Once the pictures are set aside, transcribe each line of the data exactly.

*** Opening of DATA SHOWN ***

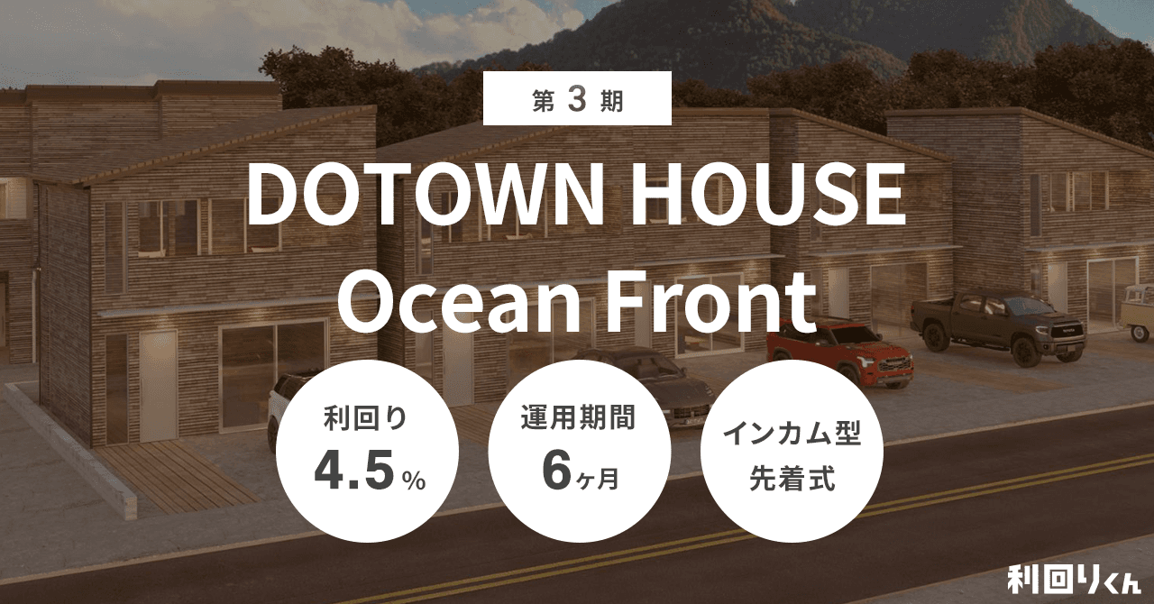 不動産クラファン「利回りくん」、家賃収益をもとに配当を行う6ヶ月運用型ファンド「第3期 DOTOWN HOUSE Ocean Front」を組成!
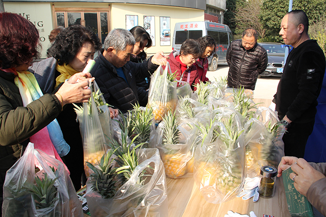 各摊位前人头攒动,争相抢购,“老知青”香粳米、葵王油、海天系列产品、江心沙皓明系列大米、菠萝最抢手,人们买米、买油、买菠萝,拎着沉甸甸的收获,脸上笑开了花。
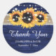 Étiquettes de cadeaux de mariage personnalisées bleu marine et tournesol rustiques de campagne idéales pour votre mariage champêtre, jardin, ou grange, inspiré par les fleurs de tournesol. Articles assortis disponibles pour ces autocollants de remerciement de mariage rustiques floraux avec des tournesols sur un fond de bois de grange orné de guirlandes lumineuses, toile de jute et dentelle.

*** Close of DATA SHOWN ***

EXPECTED OUTPUT
 不動産クラファン「利回りくん」、家賃収益をもとに配当を行う6ヶ月運用型ファンド「第3期 DOTOWN HOUSE Ocean Front」を組成!
 各摊位前人头攒动,争相抢购,“老知青”香粳米、葵王油、海天系列产品、江心沙皓明系列大米、菠萝最抢手,人们买米、买油、买菠萝,拎着沉甸甸的收获,脸上笑开了花。
 Étiquettes de cadeaux de mariage personnalisées bleu marine et tournesol rustiques de campagne idéales pour votre mariage champêtre, jardin, ou grange, inspiré par les fleurs de tournesol. Articles assortis disponibles pour ces autocollants de remerciement de mariage rustiques floraux avec des tournesols sur un fond de bois de grange orné de guirlandes lumineuses, toile de jute et dentelle.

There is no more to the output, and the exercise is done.